### INSTRUCTIONS FOR THE TASK
Below this line are records; write out exactly the lines from the one containing "5月27日(金) 1年生の社会の授業の様子です。 中間考査対策問題に取り組んでいました。" through the one containing "Кислотное моющее средство", with the pictures left out.

### RECORDS SHOWN
————————
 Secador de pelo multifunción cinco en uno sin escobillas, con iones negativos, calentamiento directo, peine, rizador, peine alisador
————————
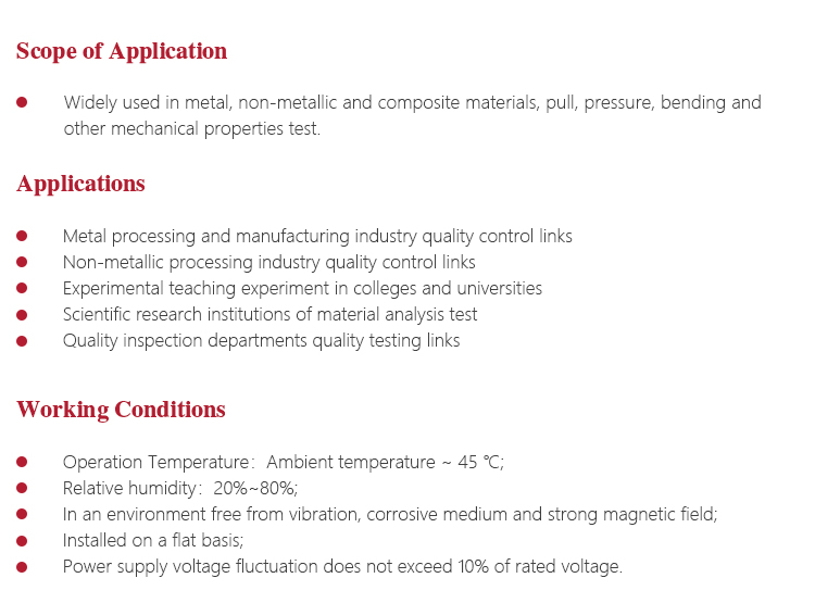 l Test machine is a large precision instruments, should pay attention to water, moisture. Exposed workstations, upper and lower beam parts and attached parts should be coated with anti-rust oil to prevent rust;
————————
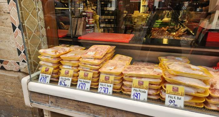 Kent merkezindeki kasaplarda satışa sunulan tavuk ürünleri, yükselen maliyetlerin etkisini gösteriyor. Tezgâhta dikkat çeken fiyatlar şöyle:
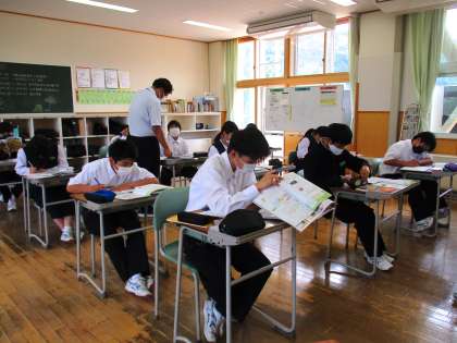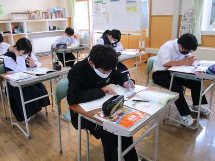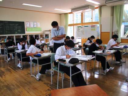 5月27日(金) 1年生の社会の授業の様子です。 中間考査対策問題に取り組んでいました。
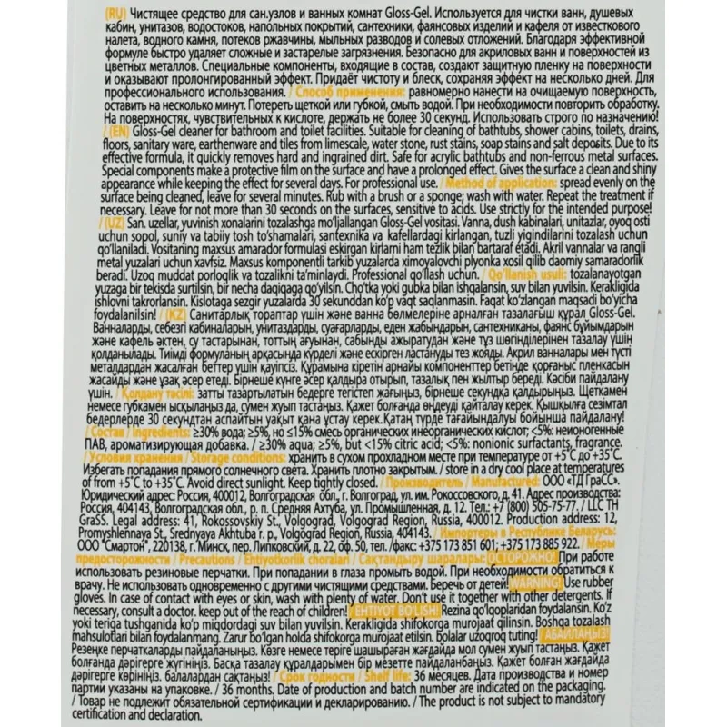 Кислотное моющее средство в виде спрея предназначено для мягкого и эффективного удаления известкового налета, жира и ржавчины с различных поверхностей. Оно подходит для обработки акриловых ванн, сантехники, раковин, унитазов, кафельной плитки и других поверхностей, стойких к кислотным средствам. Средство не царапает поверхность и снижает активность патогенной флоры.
————————
### EXERCISE RESULT
 5月27日(金) 1年生の社会の授業の様子です。 中間考査対策問題に取り組んでいました。
 Кислотное моющее средство в виде спрея предназначено для мягкого и эффективного удаления известкового налета, жира и ржавчины с различных поверхностей. Оно подходит для обработки акриловых ванн, сантехники, раковин, унитазов, кафельной плитки и других поверхностей, стойких к кислотным средствам. Средство не царапает поверхность и снижает активность патогенной флоры.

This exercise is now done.